Sparklesocks · 03/09/2023 09:19

I’m empathetic for anyone, man or woman, who wanted kids but doesn’t have them due to infertility or life circumstances.

We don’t know all of these men’s full stories, but unfortunately if they kept putting it off they weren’t ready until it was too late - that is their gamble that didn’t pay off. But that is life i suppose.

Tara24 · 03/09/2023 09:20

I feel sad for him as I would anyone who had wanted children but couldn't.

I thought it was an interesting article and made me think. Men are fed a damaging line that they can conceive forever and younger women will be interested in older men. In reality there is a window of opportunity.

tokenname · 03/09/2023 09:20

There was a good thread on Reddit recently which asked men 'what are the cons of not having kids'.

The majority of responses were along the lines of 'all your friends will drift away into babyland' and 'you will feel intense social pressure to have kids yourself, and be made to feel weird for not having them'.

It made me feel sad that so many posters (in their 20s/30s most of them, seemingly) were in thrall to what society expected of them, rather than what they genuinely wanted out of life as individuals. Some mentioned how they get to do activities they enjoyed as a child (Lego, theme parks, sports etc) but again why can't they feel comfortable doing these as adults without kids to hide behind?

Very few, maybe one, actually talked about missing out on the somewhat indescribable joy/fulfilment kids bring. But you can't miss what you don't have - these men, I suspect, are comparing with the fathers around them and despairing.

PostOpOp · 03/09/2023 09:22

Sad that he's not got what he wanted.

I'm not so sad that he doesn't have a carer in his old age. And with that thinking, he'd likely have ended up alone anyway, because the children wouldn't want to be around him much!

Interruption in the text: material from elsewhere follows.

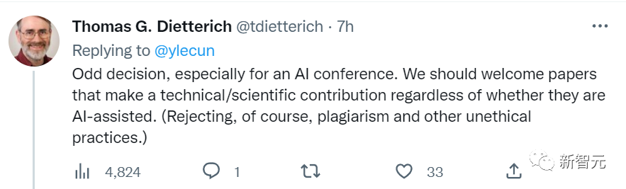 AAAI前主席Thomas Dietterich说:「这个规定很怪,对于一个人工智能会议来说更是如此。我们应该欢迎所有为科学技术做出贡献的文章,不论作者是否接受了AI的辅助。」

But my sympathy goes to the women left looking after children their men disposed of, and the children, of whom I was one, who were disposed of while their fathers went and had a fun life.

I know of some older men who did manage to marry and have children late - late meaning after their reproductive years would have been over were they women. They were millionaires. One had a family castle in Europe. Wives were in their twenties who were beautiful and in equal parts not interested in a career and happy to bend to his will.

Men of regular means seem to not understand the thing that women of average looks learn early on: you don't have the benefits that can accrue to those who are above-average. That's not unfair or even the end of the world. And also it's not because the opposite sex are horrible. It's just how things are, so accept the reality and get on with it.

KimberleyClark · 03/09/2023 09:25

I met my DH when I was 28 and he was 39. He had certainly not been “playing the field”, or shagging around, he’d had a couple of serious relationships that hadn’t worked out. We wanted children but it didn’t happen. But we have been very happily married for 33 years and neither of us would swap that for anything.

BygoneDays · 03/09/2023 09:25

NeverDropYourMooncup · 03/09/2023 08:22

Interesting closing:

there’s an overwhelming sense of loneliness and fear out there about who is going to be there for these men, when they’re old and all alone

Too busy not wanting children until they can't get a younger woman interested - and then it's regret they don't have anybody to take care of their needs.

Edited

or perhaps that they won’t have grandkids to come and visit them in their old age?